The data partition unit 134 is configured to store the data corresponding to each row key in the partition corresponding to the remainder corresponding to the row key to obtain the corresponding partition data.

The sorting unit 140 is configured to sort each partition data in ascending order according to the column and row keys in order to obtain the corresponding sorted partition data.

In an embodiment, as shown in FIG. 10, the sorting unit 140 includes:

The first sorting unit 141 is configured to obtain data with the same row key in each partition data, and sort the data with the same row key according to the ascending column order to obtain the first sorted data corresponding to each partition data. Partition data

The second sorting unit 142 is configured to sort each first sorted partition data according to the ascending order of the row key to obtain sorted partition data corresponding to each first sorted partition data.

The transmission unit 150 is configured to send each sorted partition data to the partition server corresponding to the Hbase database for storage.

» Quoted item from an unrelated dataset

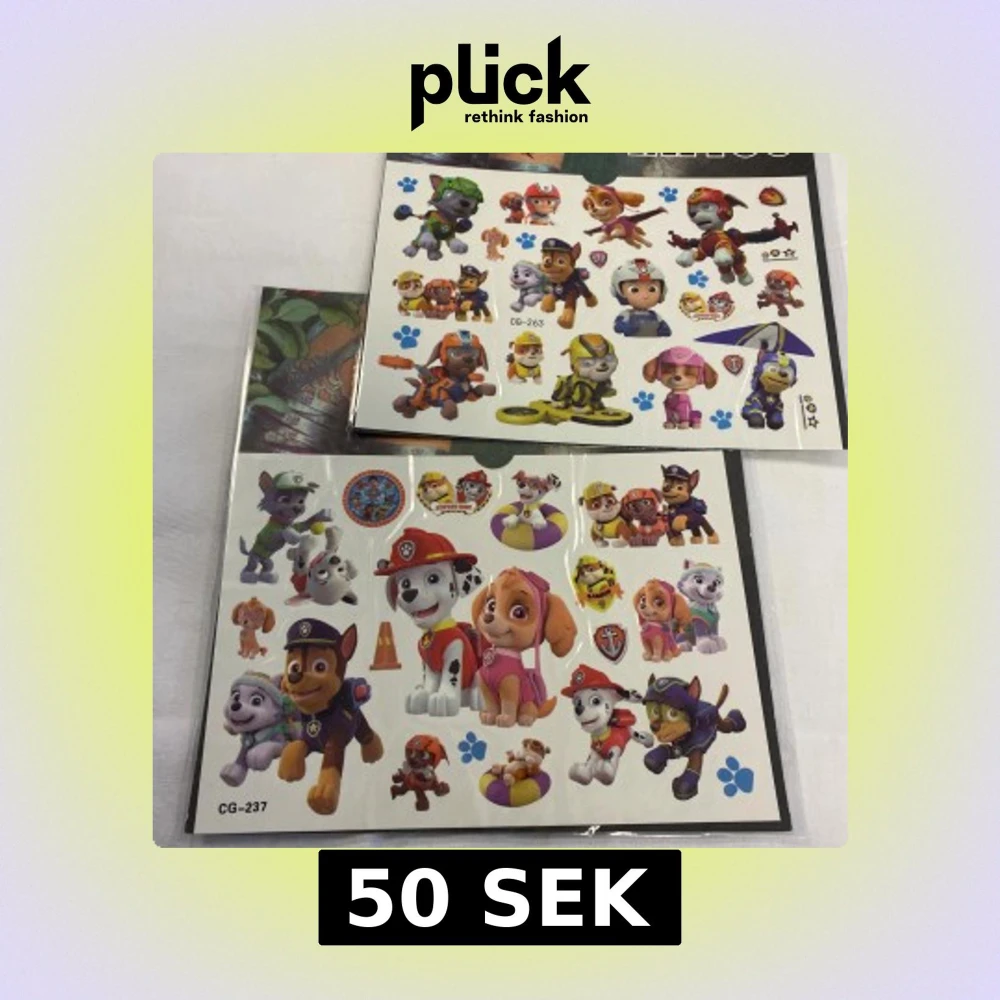 Säljer ett set med färgglada tatueringar med karaktärer från Paw Patrol. Perfekt för att dekorera anteckningsböcker, laptops eller andra ytor. Innehåller flera olika karaktärer i olika poser och storlekar. 50kr/2st / bild

In this embodiment, after sorting the partition data to obtain the corresponding sort partition data, it can be directly sent to the Hbase database for storage, and there is no need to use the put instruction to insert data while sorting while inserting. As a result, the data processing efficiency of the HBase cluster is affected, and the partitioned and sorted data is directly stored in the Hbase database, and it only needs to be stored directly, which improves the storage efficiency.

In an embodiment, as shown in FIG. 11, the transmission unit 150 includes:

The bottom storage unit 151 is used to input each sorted partition data to the local HDFS layer to convert each sorted partition data into a corresponding data file; wherein, the HDFS layer is a distributed file system layer;

The data sending unit 152 is configured to send the data file to the partition server corresponding to the Hbase database for storage.

In this embodiment, the bottom layer of the cloud computing platform (ie Spark) is the HDFS layer for storing data, and each sorted partition data is input to the HDFS layer, and then the sorted partition data can be converted into a data file by the HDFS layer . It can be seen that the partition data after sorting is stored in the local HDFS layer, and it is converted into HFile files for storage.

In an embodiment, the cloud storage-based data transmission device 100 further includes:

The interruption point acquisition unit is configured to, if it is detected that the data transmission error message sent by the Hbase database has been received, locate and obtain the data transmission interruption point according to the log file corresponding to the data transmission error message after each sort;

The data transmission recovery unit is used to send the data located after the data transmission interruption point of each sorted partition data to the partition server corresponding to the Hbase database for storage.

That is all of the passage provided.